Marine98k commented 1 year ago

dear author, i just read your paper and in your paper you have train a segmentation network,but i dont known how to visualize the result after simply realizing your work.

donghao51 commented 1 year ago

You can set vis=True in the detect_poles() and plot pole_vis using matplotlib https://github.com/PRBonn/pole-localization/blob/7a0f1292fbe9dba83778a25f944095f1aaeeebb4/src/poles_extractor.py#L94

Marine98k commented 1 year ago

dear author,when i use SLAM pcd map to run poles_extrators.py ,there something wrong . i want to if i can use the SLAM pcd map as an iput.the code is as follows

if name == 'main': xyz = o3d.io.read_pointcloud("/home/dell/zxh/pole-localization-main/data/9.19-1.pcd") , pole_vis = detect_poles(xyz, neighbourthr=0.5, min_point_num=3, dis_thr=0.08, width_thr=10, fov_up=30.67, fov_down=-10.67, proj_H=32, proj_W=250, lowest=0.1, highest=6, lowthr=1.5, highthr=0.7, totalthr=0.6, vis=True) plt.imshow(pole_vis, cmap="gray") plt.show()

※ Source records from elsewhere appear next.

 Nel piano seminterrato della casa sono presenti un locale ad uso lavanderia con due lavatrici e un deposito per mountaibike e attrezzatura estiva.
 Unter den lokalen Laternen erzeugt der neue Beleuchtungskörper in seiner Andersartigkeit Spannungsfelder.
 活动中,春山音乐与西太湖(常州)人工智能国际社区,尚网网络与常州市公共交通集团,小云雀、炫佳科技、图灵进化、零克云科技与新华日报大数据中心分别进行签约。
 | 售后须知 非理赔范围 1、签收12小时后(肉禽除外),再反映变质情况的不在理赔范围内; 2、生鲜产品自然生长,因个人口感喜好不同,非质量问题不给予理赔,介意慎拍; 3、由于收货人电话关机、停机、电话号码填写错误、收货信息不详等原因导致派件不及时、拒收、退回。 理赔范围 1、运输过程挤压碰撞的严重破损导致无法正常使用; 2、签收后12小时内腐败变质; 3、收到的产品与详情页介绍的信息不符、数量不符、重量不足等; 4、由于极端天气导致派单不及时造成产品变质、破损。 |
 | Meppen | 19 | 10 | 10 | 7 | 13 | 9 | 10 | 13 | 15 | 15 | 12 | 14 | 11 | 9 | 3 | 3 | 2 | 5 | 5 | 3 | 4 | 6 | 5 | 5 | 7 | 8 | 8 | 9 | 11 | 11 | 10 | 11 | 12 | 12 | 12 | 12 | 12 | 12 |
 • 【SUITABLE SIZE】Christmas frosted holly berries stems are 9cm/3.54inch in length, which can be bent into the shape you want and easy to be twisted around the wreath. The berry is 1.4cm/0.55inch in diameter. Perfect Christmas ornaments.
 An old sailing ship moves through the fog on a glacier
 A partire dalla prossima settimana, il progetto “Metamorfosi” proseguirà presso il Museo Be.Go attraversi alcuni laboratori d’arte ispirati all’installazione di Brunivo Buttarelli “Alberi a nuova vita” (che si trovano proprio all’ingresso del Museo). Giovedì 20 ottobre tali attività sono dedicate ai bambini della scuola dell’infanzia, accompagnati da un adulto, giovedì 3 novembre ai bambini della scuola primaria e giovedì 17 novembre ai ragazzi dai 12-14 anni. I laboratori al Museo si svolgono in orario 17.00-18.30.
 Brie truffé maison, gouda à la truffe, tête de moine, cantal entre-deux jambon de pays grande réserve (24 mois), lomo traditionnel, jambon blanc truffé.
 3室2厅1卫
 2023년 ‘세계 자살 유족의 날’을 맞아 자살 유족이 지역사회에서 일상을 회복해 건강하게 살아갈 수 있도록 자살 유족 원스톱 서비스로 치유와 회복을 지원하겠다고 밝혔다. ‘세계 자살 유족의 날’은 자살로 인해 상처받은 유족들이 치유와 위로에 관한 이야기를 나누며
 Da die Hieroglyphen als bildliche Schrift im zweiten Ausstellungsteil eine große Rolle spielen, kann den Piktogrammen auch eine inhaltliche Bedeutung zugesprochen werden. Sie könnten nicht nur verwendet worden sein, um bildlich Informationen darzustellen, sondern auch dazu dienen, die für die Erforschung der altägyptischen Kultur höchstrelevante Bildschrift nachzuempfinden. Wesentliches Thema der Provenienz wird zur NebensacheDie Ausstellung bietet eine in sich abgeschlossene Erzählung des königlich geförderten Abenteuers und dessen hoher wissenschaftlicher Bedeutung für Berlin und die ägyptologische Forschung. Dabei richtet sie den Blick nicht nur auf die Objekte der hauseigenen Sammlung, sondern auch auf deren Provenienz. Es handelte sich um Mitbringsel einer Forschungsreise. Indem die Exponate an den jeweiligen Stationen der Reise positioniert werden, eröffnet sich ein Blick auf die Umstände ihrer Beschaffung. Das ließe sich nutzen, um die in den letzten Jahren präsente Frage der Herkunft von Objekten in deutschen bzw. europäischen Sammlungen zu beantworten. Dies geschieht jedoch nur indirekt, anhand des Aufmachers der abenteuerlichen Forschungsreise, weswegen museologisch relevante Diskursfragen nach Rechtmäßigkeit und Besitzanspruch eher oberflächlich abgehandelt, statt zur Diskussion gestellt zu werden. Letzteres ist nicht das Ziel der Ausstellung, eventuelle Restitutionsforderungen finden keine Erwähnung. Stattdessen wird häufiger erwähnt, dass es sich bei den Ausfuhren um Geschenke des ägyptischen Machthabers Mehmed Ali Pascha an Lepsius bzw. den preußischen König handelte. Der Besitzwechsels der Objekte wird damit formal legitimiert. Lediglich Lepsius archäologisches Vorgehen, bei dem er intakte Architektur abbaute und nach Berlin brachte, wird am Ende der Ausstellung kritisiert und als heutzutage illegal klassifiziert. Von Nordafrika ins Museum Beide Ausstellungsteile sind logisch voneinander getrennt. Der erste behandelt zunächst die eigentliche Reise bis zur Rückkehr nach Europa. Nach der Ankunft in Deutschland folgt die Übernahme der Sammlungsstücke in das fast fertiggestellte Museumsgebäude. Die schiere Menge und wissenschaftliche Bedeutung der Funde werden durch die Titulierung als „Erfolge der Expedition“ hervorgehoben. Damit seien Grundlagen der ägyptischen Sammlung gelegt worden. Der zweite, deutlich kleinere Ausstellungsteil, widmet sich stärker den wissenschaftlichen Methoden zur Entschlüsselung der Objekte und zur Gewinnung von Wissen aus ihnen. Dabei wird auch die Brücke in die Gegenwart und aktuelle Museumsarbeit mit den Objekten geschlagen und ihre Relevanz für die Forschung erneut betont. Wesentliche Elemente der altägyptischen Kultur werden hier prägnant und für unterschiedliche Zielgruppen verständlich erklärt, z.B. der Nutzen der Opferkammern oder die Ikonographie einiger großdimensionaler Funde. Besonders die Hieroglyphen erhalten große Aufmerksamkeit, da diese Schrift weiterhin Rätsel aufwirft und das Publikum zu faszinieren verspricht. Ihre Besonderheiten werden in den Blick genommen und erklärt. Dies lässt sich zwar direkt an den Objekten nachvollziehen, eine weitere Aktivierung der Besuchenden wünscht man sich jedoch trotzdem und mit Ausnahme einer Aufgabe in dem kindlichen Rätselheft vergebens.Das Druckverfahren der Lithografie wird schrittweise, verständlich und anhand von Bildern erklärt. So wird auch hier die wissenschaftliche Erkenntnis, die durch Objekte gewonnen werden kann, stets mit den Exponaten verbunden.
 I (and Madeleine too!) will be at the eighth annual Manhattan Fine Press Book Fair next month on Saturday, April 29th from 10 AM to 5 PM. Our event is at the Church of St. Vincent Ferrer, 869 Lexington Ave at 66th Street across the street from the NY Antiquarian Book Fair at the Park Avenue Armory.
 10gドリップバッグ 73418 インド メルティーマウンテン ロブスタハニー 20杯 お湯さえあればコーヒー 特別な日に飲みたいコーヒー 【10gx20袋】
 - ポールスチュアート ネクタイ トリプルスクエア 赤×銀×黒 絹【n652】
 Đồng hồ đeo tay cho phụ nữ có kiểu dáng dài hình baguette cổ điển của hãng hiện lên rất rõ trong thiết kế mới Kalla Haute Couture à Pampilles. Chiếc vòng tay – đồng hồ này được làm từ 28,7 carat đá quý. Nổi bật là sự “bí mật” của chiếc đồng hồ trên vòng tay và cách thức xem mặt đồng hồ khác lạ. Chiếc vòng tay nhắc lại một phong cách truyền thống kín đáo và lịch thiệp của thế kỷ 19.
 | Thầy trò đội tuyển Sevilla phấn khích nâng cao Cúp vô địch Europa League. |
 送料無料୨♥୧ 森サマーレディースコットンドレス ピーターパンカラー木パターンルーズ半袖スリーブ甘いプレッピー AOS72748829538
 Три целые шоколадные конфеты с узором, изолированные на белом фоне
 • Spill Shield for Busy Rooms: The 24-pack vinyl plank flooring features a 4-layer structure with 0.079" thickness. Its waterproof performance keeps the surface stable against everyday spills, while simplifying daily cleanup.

donghao51 commented 1 year ago

In general, not. You must project your pcd to the range image using https://github.com/PRBonn/pole-localization/blob/7a0f1292fbe9dba83778a25f944095f1aaeeebb4/src/poles_extractor.py#L151 You need to pass the fov_up and fov_down, which are the field-of-view parameters of the LiDAR sensors. But it is almost not possible to get such parameter using the SLAM pcd map.

A possible way is to project the SLAM pcd map to the RGB image plane using extrinsic and intrinsic matrix and then extract poles on the projected depth map. But I never try it.